# Attaching hardwood for milling



## wwbob

Hope this forum has as many good answers as all the other forums.

How is a hardwood part attached for milling? Many cnc routers have a vacuum base for sheet goods. I've seen machine shop like hold downs used when milling just the interior of hardwood.

At about 1:22 into the video shows a rough cut piece of hardwood's exterior shape being milled. My guess is double sided tape, but I've never tried using tape.
http://www.legacycncwoodworking.com/demonstration-video-list/2014/4/2/blanket-chest.html

Any answers?

Robert


----------



## TechTeacher04

I agree with your guess. There is no sign on any clamps or vacuum. Double faced tape or carpet tape seems like the most likely hold down.


----------



## shawnmasterson

right at 2:50 you can clearly see the tape.


----------



## KarenW

We use a variety of things for hold-downs, depending on what we're cutting.
Big pine rounds-we screws on a backer board of MDF, leaving corners exposed for clamping.
Small pieces of Corian or stock that's under .25" thick or any sort of scrap that's maybe too small for clamping-double sided tape onto an MDF board that is clamped down. 
Anything else-I figure in an extra half in or so to my overall width or length or check my design for open corners or edge space for clamps.
Occasionally I've pin-nailed thin stock in the corners onto MDF and clamped conventionally.


----------



## DS

The video was interesting… I almost forgot your question. It sure looks like they used double sided tape.

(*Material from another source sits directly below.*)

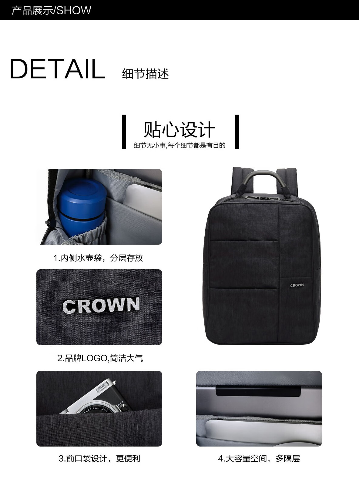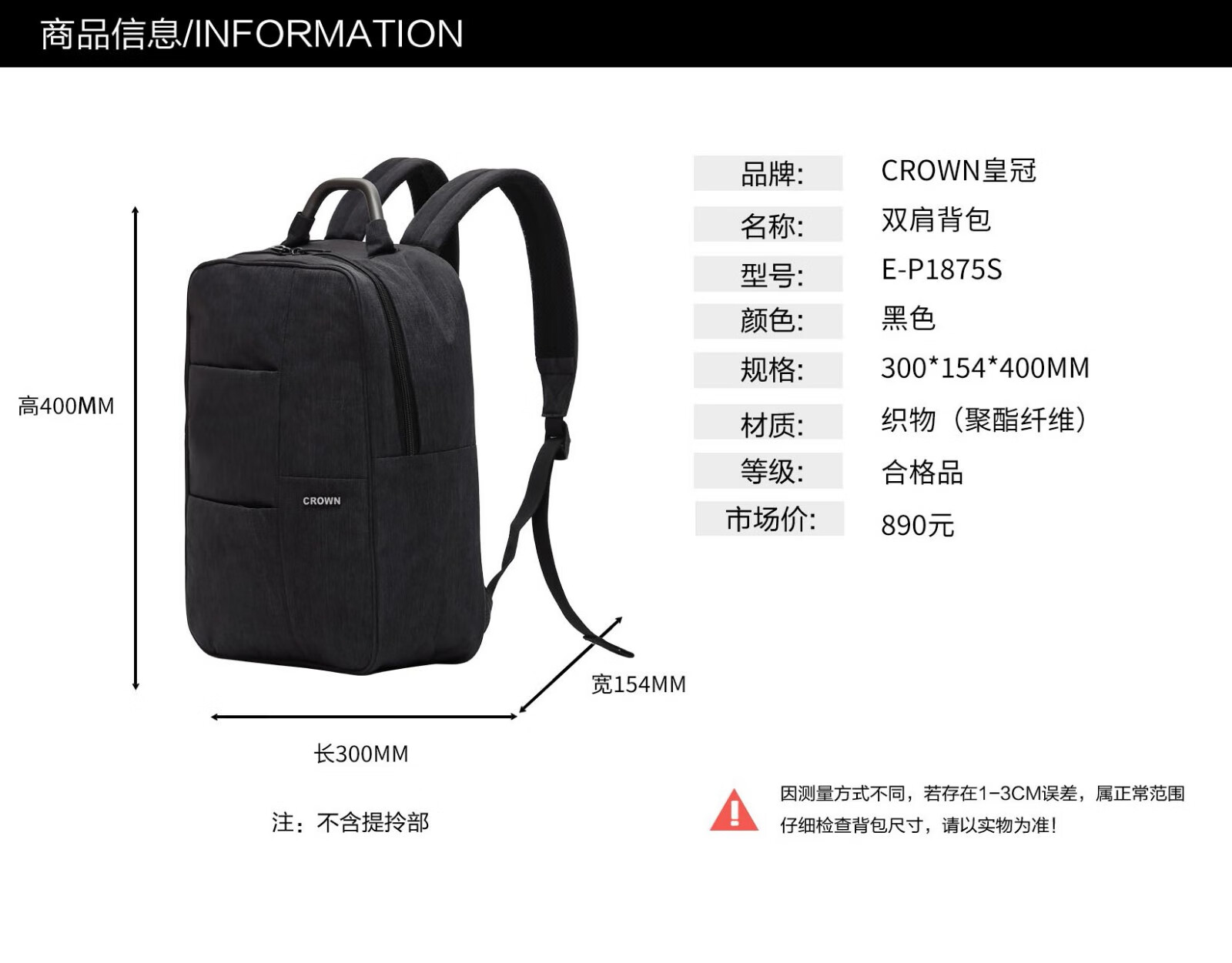 CROWN皇冠双肩背包E-P1875S/16” 黑色

I've seen guys make double sided vacuum pods that work pretty good for this too. It's a hockey puck sized peice that you set between yor part and the table and it draws a vacuum on the top and bottom of the pucks.
They hold the workpiece up off the spoil board for the side operations too.

The pods can be made of polyester stock and cut right on your machine and common weatherstripping can be used to seal the faces.


----------



## protdesigner

depending on Your needs You can use clamps, double side tape or few types of vices.


----------